The Fees Are Too High
Having high service or investment fees in a 401k plan is the easiest way for the sponsoring company to get sued. When there are high fees, it’s often a warning sign of neglect to the plan. Once a fiduciary breach is found in a plan through neglect, there isn’t much a company can do to defend itself. Additionally, in the long term, high plan fees lead to employees retiring with less. Consequently, we suggest that fees be assessed annually, preferably by a third party.
Liability is Misunderstood
Plan sponsors are often short on time so they must delegate duties of the plan they serve. Advisors, recordkeepers, and custodians can provide valuable, time-saving support to a 401k plan. However, the delegation of duties should not be confused with a removal of liability. The structure of a 401k dictates that plan liability starts and ends with the plan sponsor. Thus, any shortcoming by a third party service provider will ultimately be deemed a failure on the part of the plan sponsor.
Failure to Monitor
It may seem unfair that a plan sponsor will be held liable for a third party mistake. However, this speaks largely about the role of the plan sponsor as a fiduciary and the responsibility that comes with it. Even though a plan sponsor may delegate a specific duty related to their plan, it is still the responsibility of the plan sponsor to see that the duty is fulfilled. This is why all third parties must be monitored in a way so that they do not fall out of line with the original intentions of the plan. Consequently, when a plan sponsor fails to continuously monitor a delegated party it’s classified as neglect – the leading cause of 401k litigation.
Conflicts of Interest
Conflicts of interest can happen in many forms within 401k plans. Proprietary funds offered by the custodian, advisors who receive commissions based on the advice they give, or a family member or friend who helps provide the plan platform are all examples of conflicts of interest. Not all of the previously mentioned items are inherently bad, however if they exist, due diligence and documentation must show there is no conflict of interest. Remember, employer sponsored retirement plans are intended to benefit the employees, not those who service them. It may come as no surprise that conflicts of interest must be avoided at all costs.
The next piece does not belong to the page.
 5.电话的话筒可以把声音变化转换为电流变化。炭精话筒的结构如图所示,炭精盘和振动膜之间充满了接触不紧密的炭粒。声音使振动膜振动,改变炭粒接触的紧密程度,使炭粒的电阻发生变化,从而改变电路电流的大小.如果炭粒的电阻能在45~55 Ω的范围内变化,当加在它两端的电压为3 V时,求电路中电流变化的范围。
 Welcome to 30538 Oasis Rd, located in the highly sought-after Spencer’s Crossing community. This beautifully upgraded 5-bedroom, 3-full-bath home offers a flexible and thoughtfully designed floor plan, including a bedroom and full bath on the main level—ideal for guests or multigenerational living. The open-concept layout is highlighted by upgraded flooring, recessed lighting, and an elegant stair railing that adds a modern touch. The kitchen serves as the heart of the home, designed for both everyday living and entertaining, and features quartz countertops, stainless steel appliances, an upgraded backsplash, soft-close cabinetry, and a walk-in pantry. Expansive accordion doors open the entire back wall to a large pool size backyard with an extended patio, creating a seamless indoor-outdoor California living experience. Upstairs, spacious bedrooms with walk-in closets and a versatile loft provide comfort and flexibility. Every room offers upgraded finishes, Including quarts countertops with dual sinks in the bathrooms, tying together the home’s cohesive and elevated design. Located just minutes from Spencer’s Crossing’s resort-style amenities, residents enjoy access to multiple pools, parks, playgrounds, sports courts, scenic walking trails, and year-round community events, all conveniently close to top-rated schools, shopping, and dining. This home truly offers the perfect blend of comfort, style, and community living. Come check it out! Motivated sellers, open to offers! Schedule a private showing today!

The Plan is Not Managed in the Participant’s Best Interest
We often hear from plan sponsors how happy they are with their providers. Yet, when these sponsors elaborate on their satisfaction, it quickly becomes clear it’s largely due to the low workload for the plan sponsor. We get it; plan sponsors are really busy. However, these plans are built to help employees save for the future – so their interests, like investment choices, fees, and advice, must be considered first.
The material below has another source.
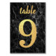 The table number 9 and the word "table", written in a handwriting script, are faux gold foil. The background is white marble.

Participation or Contribution Rates Are Low
These are often by-products of an inefficient plan. The vicious cycle of high costs prevents employers from contributing to the plans, which in turn disincentivizes employees from saving. This happens all too often in 401k plans. Better solutions are out there. You just have to find them.
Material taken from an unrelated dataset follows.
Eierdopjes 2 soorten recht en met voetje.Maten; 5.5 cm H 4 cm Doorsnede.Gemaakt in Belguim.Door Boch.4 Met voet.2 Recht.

The IPS Is Not a Living Document
Your Investment Policy Statement (IPS) is the road map to the plan. An individual with some experience in the retirement plan space should be able to read this statement and have no questions about how the plan is built and managed. Consequently ,the IPS should be reviewed quarterly and updated at least annually. The IPS is the most important defense if you find yourself facing litigation.
Documentation Is Lacking
All 401k meetings (with minutes), assessments, evaluations, contracts, and agreements should be on file with the company and accessible at any point.
Safe Harbors Aren’t In Use
Safe harbors are available to 401k plans as a means to protect employees and employers. Plans that don’t use them often are inefficient, expensive, and have increased liability.
Competitive Market Forces Aren’t Being Utilized
A 401k plan can save or lose employees thousands of dollars based on how it is constructed. Unfortunately, plan sponsors don’t always compare the pricing of plans. This is a serious error because plan pricing can vary greatly based on both competition and specific circumstances. Even if you are convinced your current plan is the best, shopping around may reveal some negotiating room with your provider.